I'm trying to calculate how much the Space Station can see of the Earth from upthere using functions and calculus.
Here's the information needed:
Earth's radius: $r = 6400$
ISS altitude from Earth's surface: $a = 400$
$b = a + r$
I've plotted the upper surface of the Earth: $ y = \sqrt{r^2 - x^2}$
The horizon lines would be tangential to the Earth, therefore the slope would be equal to the derivative of Earth's surface.
$y = mx + b$, where $m = \frac{-x}{\sqrt{(r^2-x^2)}}$
combining both equations, I get that
$x = c = ±\frac{\sqrt{(r^2(a^2-r^2))}}{a}$
Then, using an integral, I calculated the arc length.

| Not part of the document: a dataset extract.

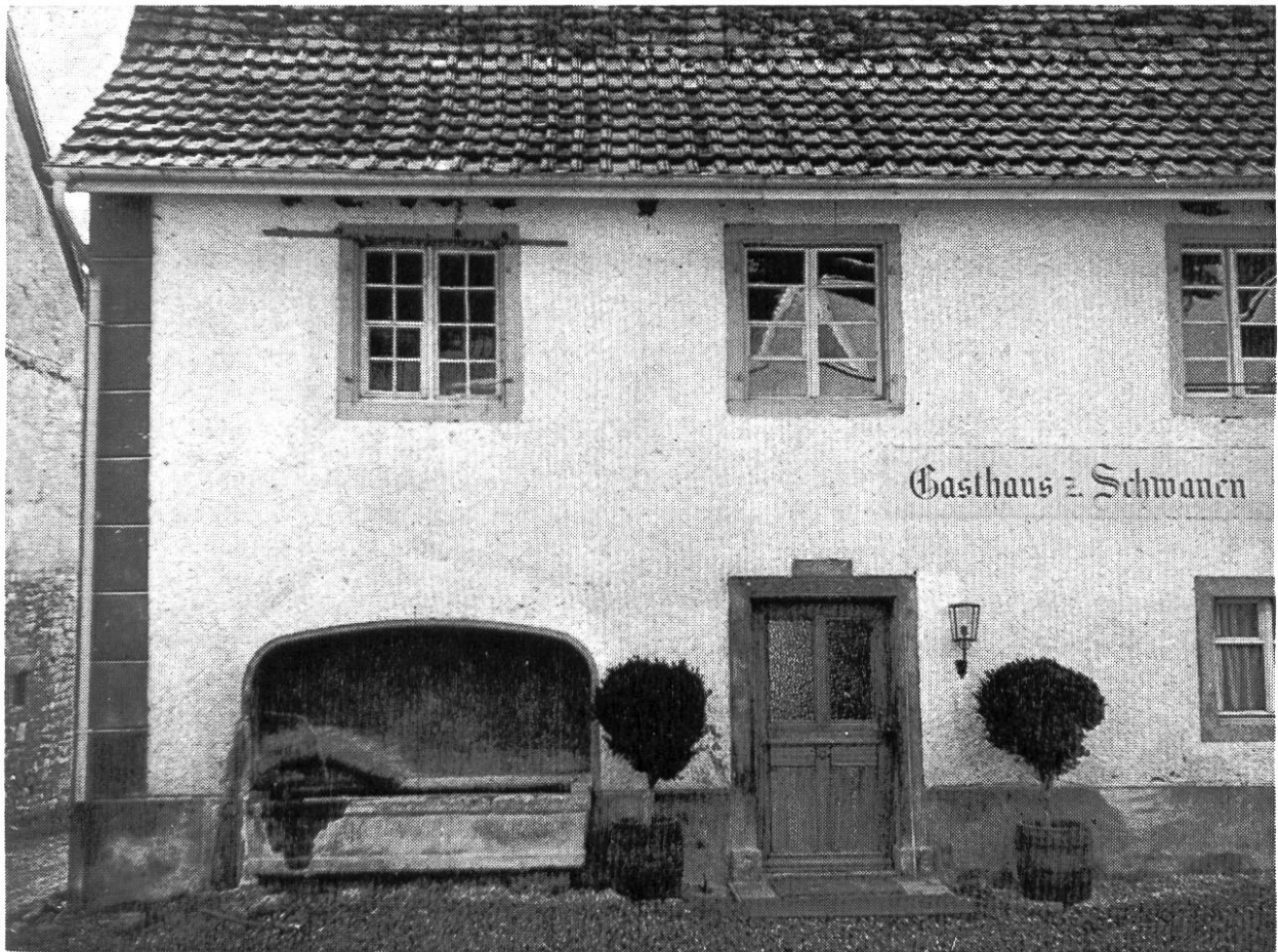
Altes Gasthaus zum «Schwanen»

Als Wandschmuck ziert die Gaststube des «Schwanen» in Oeschgen eine Kopie des Tavernenrechts, das der Freiherr Franz Otto von Schönau als Herr zu Oeschgen dem Dorfbürger Fridolin Hauswirth am 26. Januar 1725 verlieh. Diese Urkunde beginnt mit einer Art stolzer Präsentation des Dorf-

$s = \int_{0}^{c}{\sqrt{1+(\frac{-x}{\sqrt{r^2-x^2}})^2}}\text{ d}x$
$s = r \text{ arcsin(}c/r)$
Using $ r \theta = s$, we can get $\theta = \text{ arcsin(}c/r) $
and to find the percentage, I divided by $2 \pi$, which gives about 5%
The supposed answer is ~4%, so are there any error in my solution or is this just a problem from assuming stuff?